Llasa: Llama-Based Speech Synthesis

95 CalmStorm 9 5/1/2025, 4:43:37 PM llasatts.github.io ↗

Comments (9)

ks2048 · 2h ago
Odd that the page doesn't seem to link to either,

paper: https://arxiv.org/abs/2502.04128

github: https://github.com/zhenye234/LLaSA_training

CalmStorm · 5h ago
LLaSA is a simple framework for speech synthesis that employs a single-layer vector quantizer (VQ) codec and a single Transformer architecture to fully align with standard LLMs such as LLaMA.
WastedCucumber · 4h ago
Probably the title should have the correct capitalization then. Cause I was fully expecting a speech synthesis tool that sounded like llamas talking human language and now I'm bummed out!
mring33621 · 3h ago
the long 'uuuuhhhhhhh' from some of the lesser models is killing me.
jszymborski · 3h ago
based on the samples, it really seams like anything smaller than 3B is pretty useless.
hadlock · 2h ago
If you're doing a home lab voice assistant 1B is nice, because on a 12gb gpu you can run a moderately competent 7b LLM and two 1b models; 1 for speech to text and also text to speech, plus some for the wake word monitor.
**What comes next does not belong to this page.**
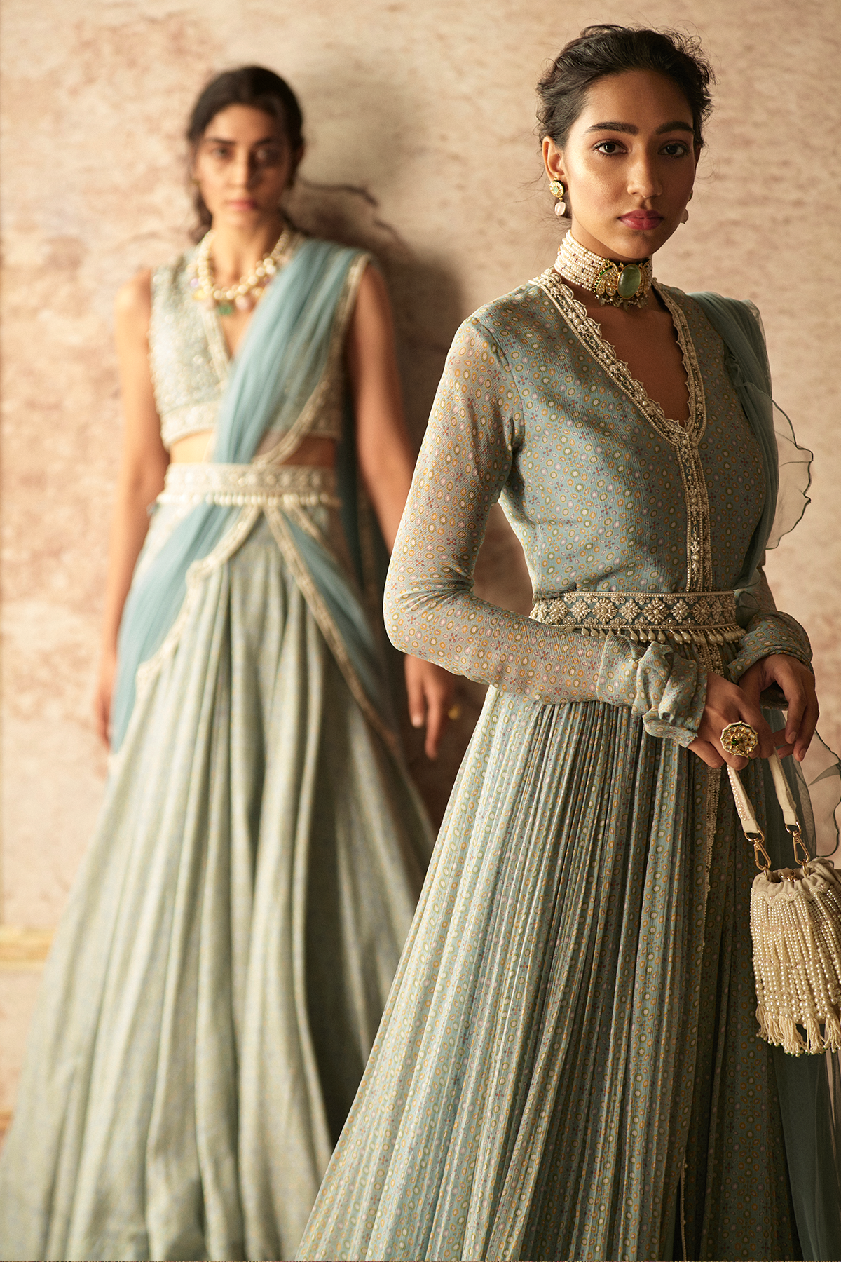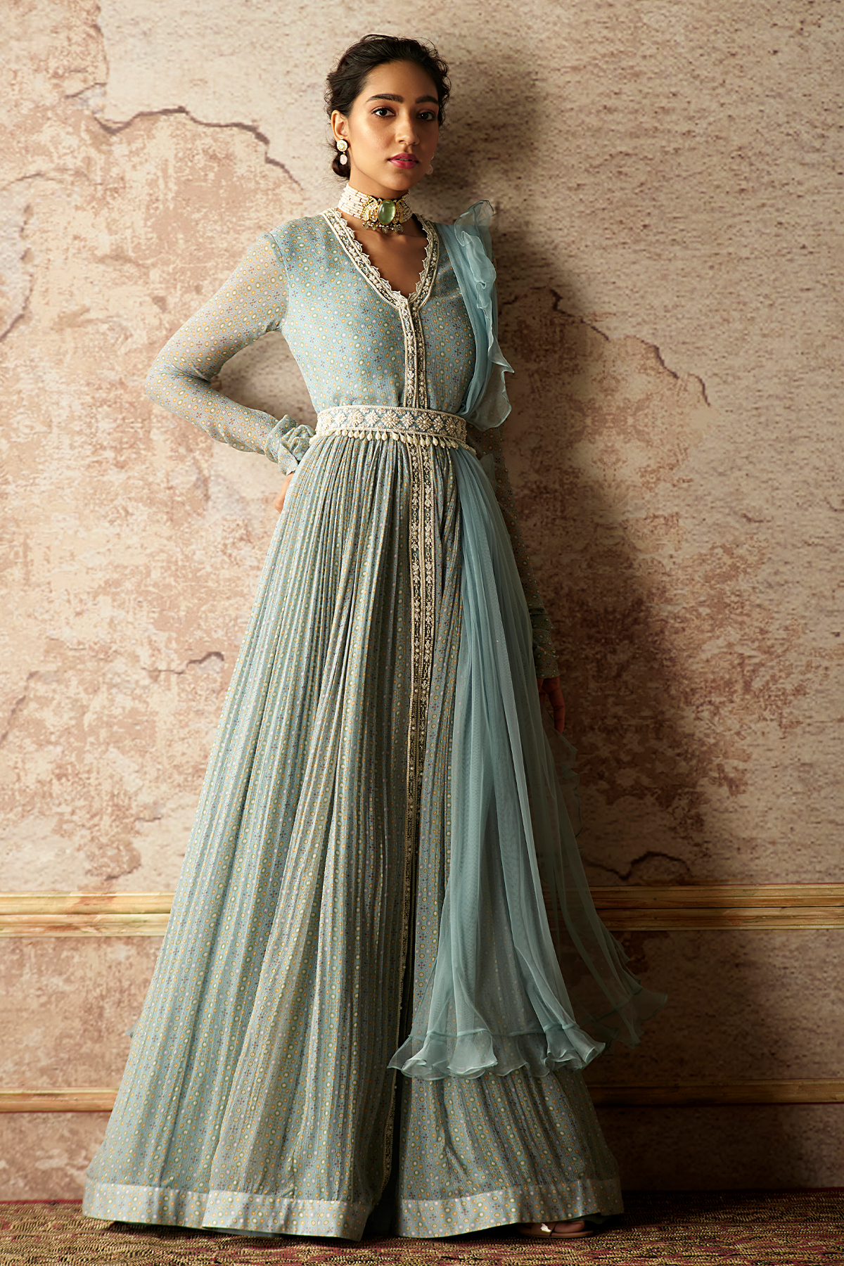 Powder blue folk printed and embroidered anarkali paired with net ruffled dupatta and an embroidered pearl drop belt.

Maybe in a couple of years we can combine all this into a single ~8b model that runs efficiently on 12gb gpu. Nvidia doesn't seem very incentivized right now to sell consumer GPUs that can run all this on a single consumer grade chip when they're making so much money selling commercial grade 48gb cards.
StevenNunez · 4h ago
I can't wait see this integrated into Open WebUI! These sound amazing.
dheera · 2h ago
> employs a single-layer vector quantizer (VQ) codec and a single Transformer architecture to fully align

I really wish when new models were released that they would draw a diagram of all the layers and the tensor input and output sizes at each layer, with zoom in/out capabilities if needed using D3.js or whatever visualization framework if needed. Every single layer should be on there with its input and output sizes.

These one-sentence descriptions, and approximate block diagrams with arrows pointing at each other are never enough to understand how something is actually implemented.

exe34 · 2h ago
Sounds like a solid SaaS business plan!